▶ _TO DO_: Each record that follows goes into your reply unchanged; the pictures do not.

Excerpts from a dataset
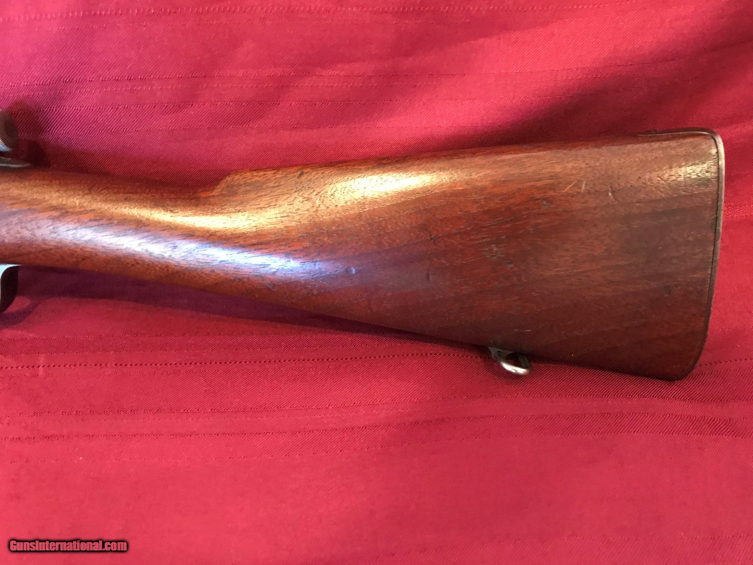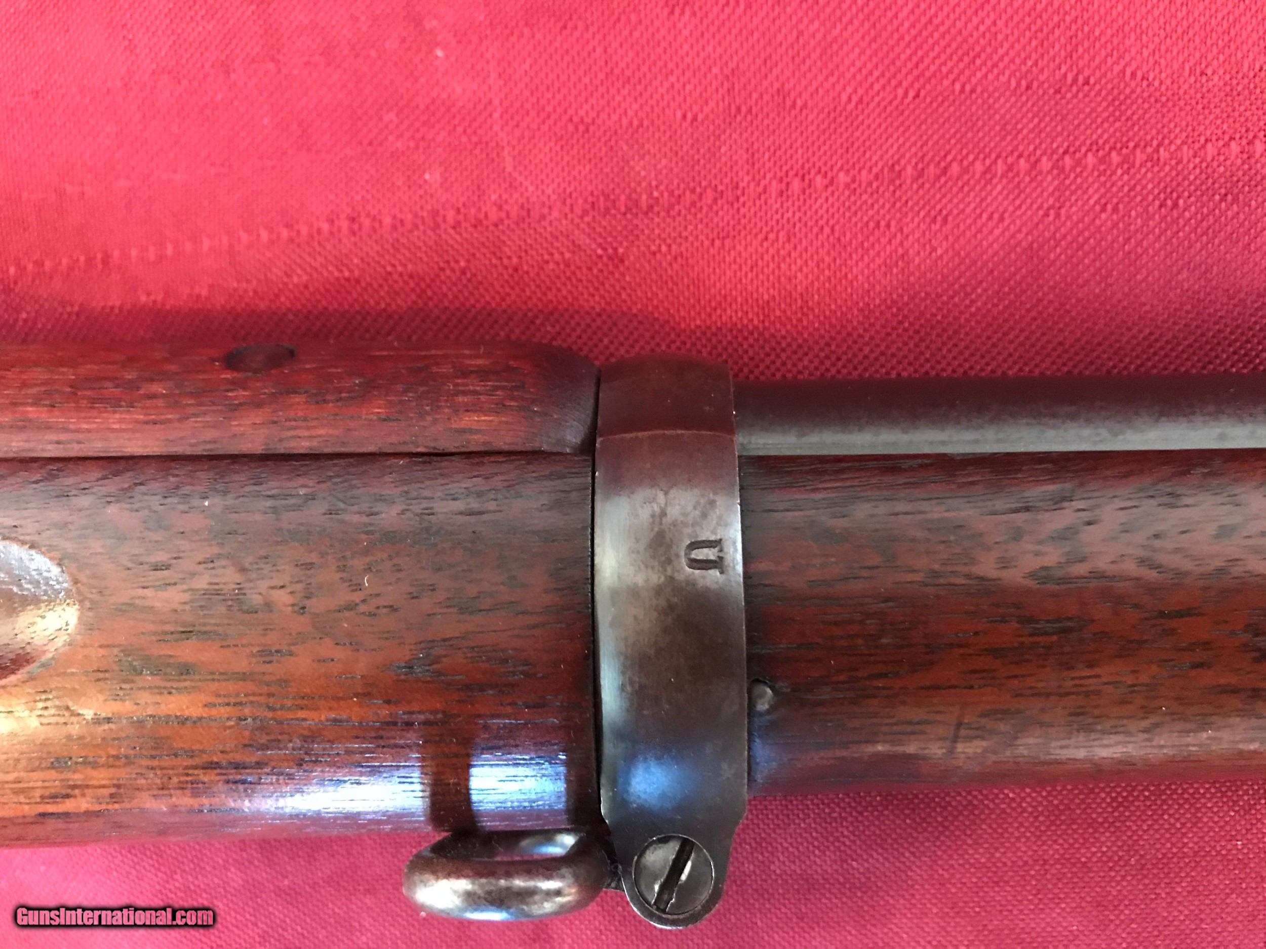 Description: Model 1898 Krag Rifle, 30-40. Manufactured in 1898. Correct 1898 rear sight. 30" barrel (excellent bore), sharp cartouche, "JLA" Inspector mark. Trap steel butt plate. Excellent original condition. Antique no FFL required. SOLD Antique: Yes |
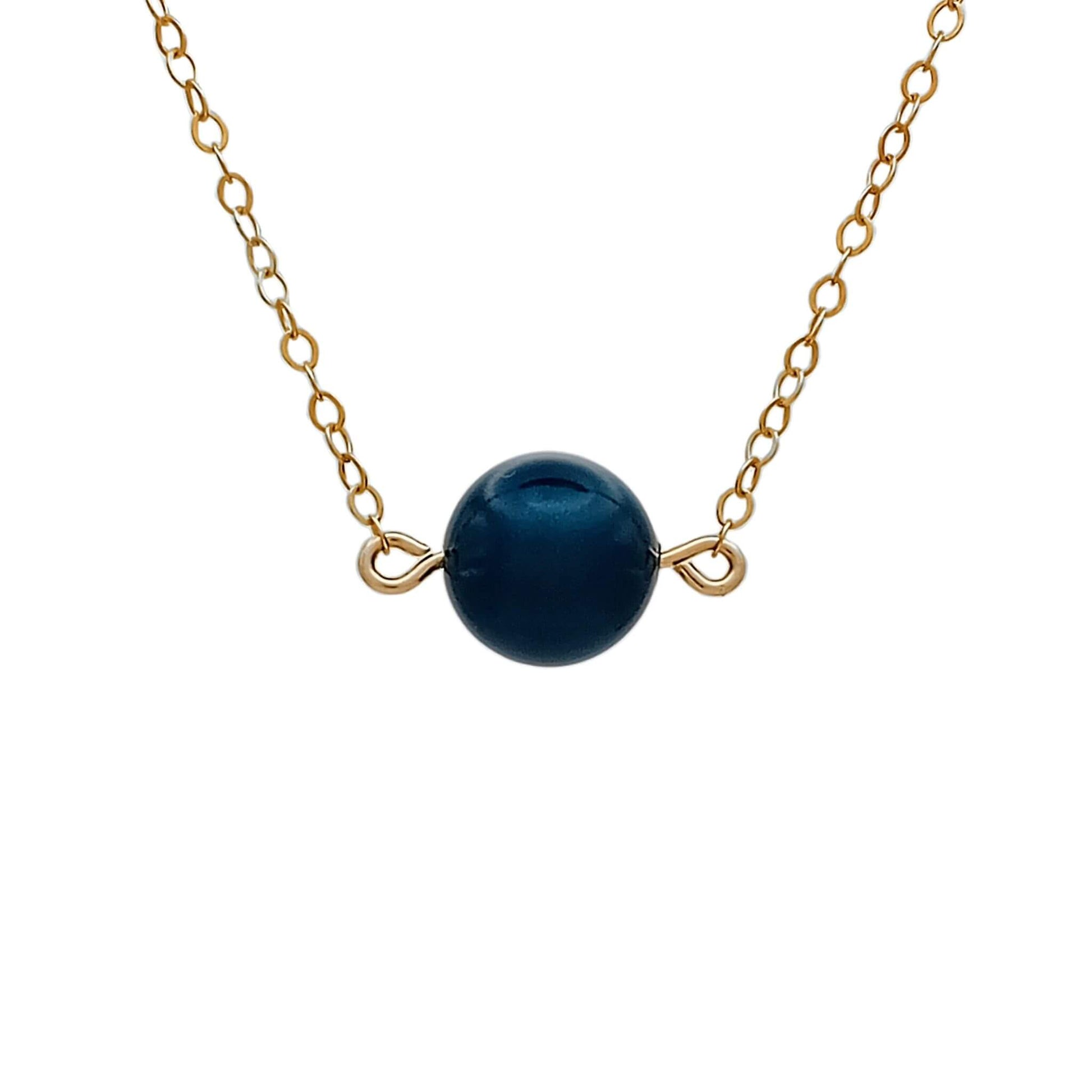 This Swarovski pearl necklace has a striking deep petrol blue pearl set on a delicate 14k gold fill chain. Simple yet eye-catching, this piece can be worn on its own to add a pop of colour to your look.
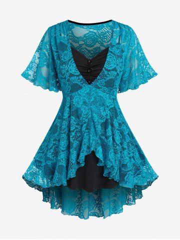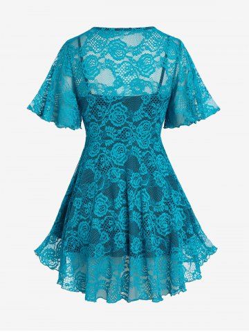 Plus Size Ruched Camisole and Lace Ruffle Butterfly Sleeve Top
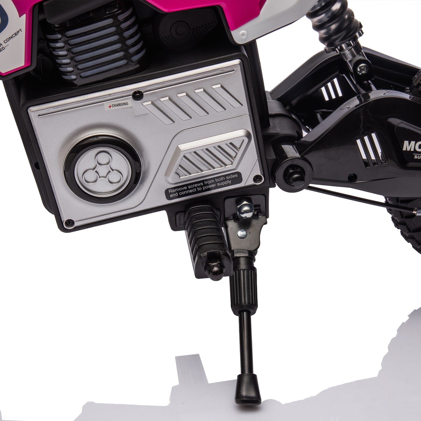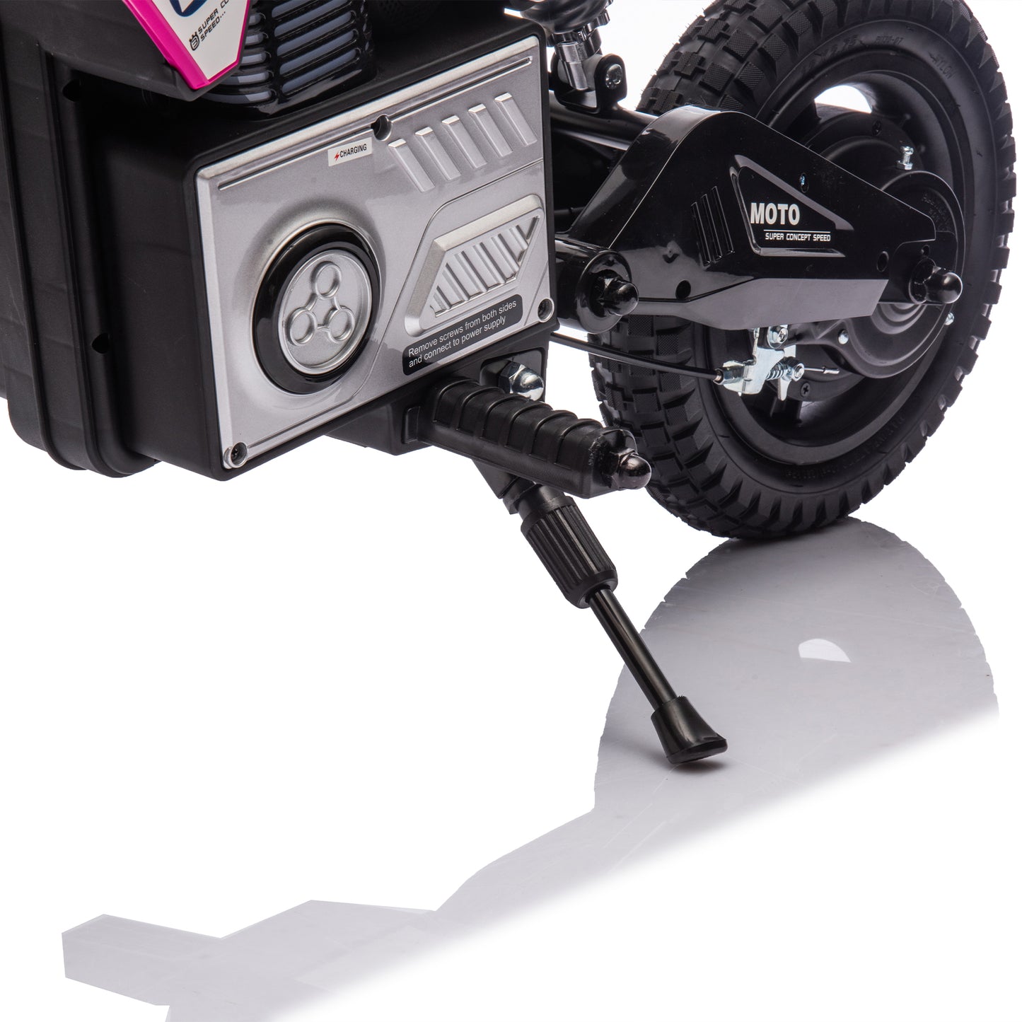 24V Kids Ride On Electric Toy Motocross Motorcycle,200W High Speed Hub Motor,Rear wheel shock absorber,Adjustable speed,LED breath lamp,Bluetooth,Music,Horn,Speeds 3.11-9.32MPH For Kids Aged 5-15.
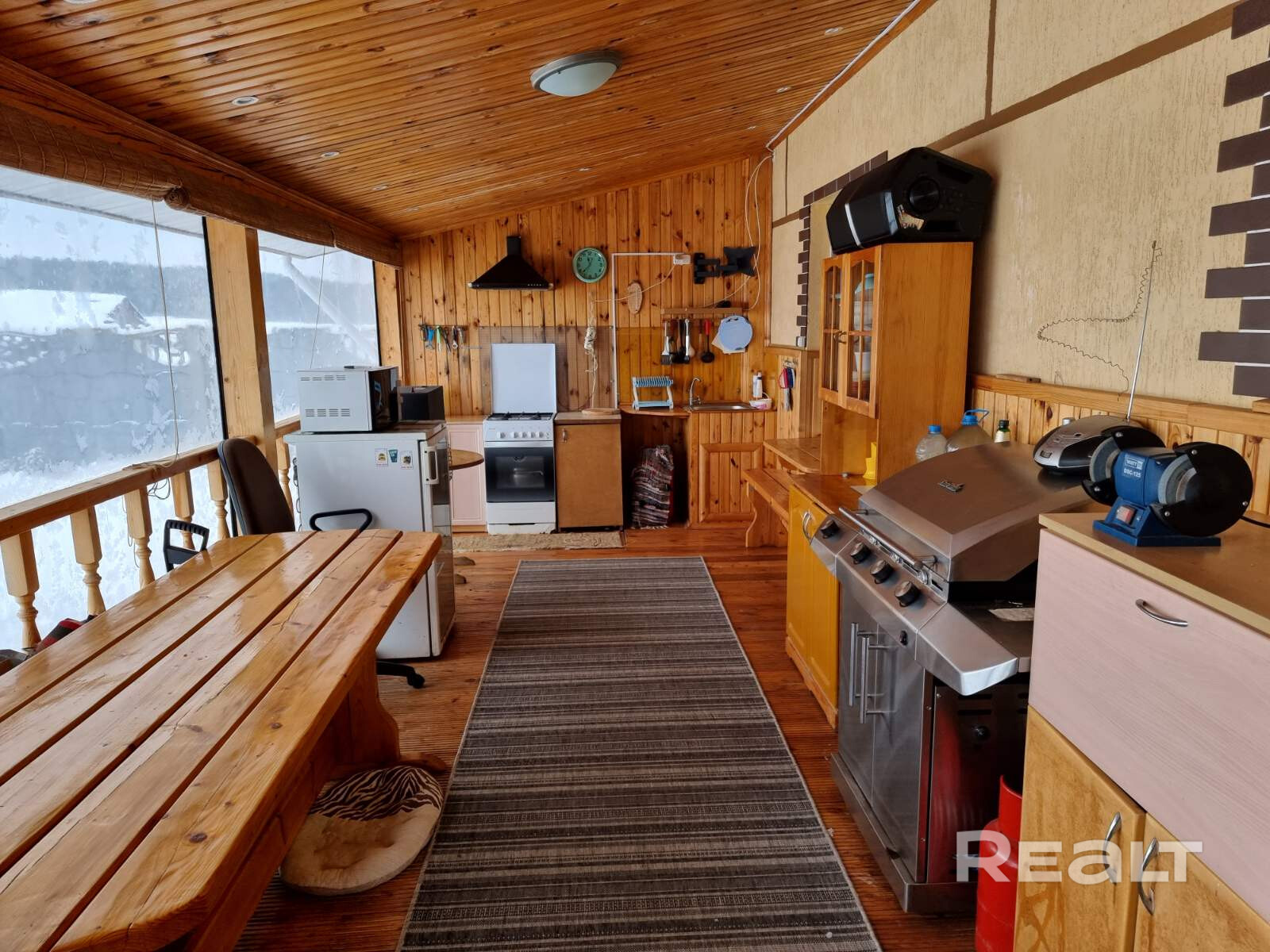 Летняя кухня-пристройка с мягкими стеклами. Мобильная баня из бруса. Теплица на фундаменте (6 на 10 м.), высота – 3,5 метра. Оборудована системой автополива, и имеет 4 входа. Помещение под инвентарь, закрытая дровница, металлический навес на два автомобиля. Дорожки из плитки.

▶ _YOUR SOLUTION_:
 Description: Model 1898 Krag Rifle, 30-40. Manufactured in 1898. Correct 1898 rear sight. 30" barrel (excellent bore), sharp cartouche, "JLA" Inspector mark. Trap steel butt plate. Excellent original condition. Antique no FFL required. SOLD Antique: Yes |
 This Swarovski pearl necklace has a striking deep petrol blue pearl set on a delicate 14k gold fill chain. Simple yet eye-catching, this piece can be worn on its own to add a pop of colour to your look.
 Plus Size Ruched Camisole and Lace Ruffle Butterfly Sleeve Top
 24V Kids Ride On Electric Toy Motocross Motorcycle,200W High Speed Hub Motor,Rear wheel shock absorber,Adjustable speed,LED breath lamp,Bluetooth,Music,Horn,Speeds 3.11-9.32MPH For Kids Aged 5-15.
 Летняя кухня-пристройка с мягкими стеклами. Мобильная баня из бруса. Теплица на фундаменте (6 на 10 м.), высота – 3,5 метра. Оборудована системой автополива, и имеет 4 входа. Помещение под инвентарь, закрытая дровница, металлический навес на два автомобиля. Дорожки из плитки.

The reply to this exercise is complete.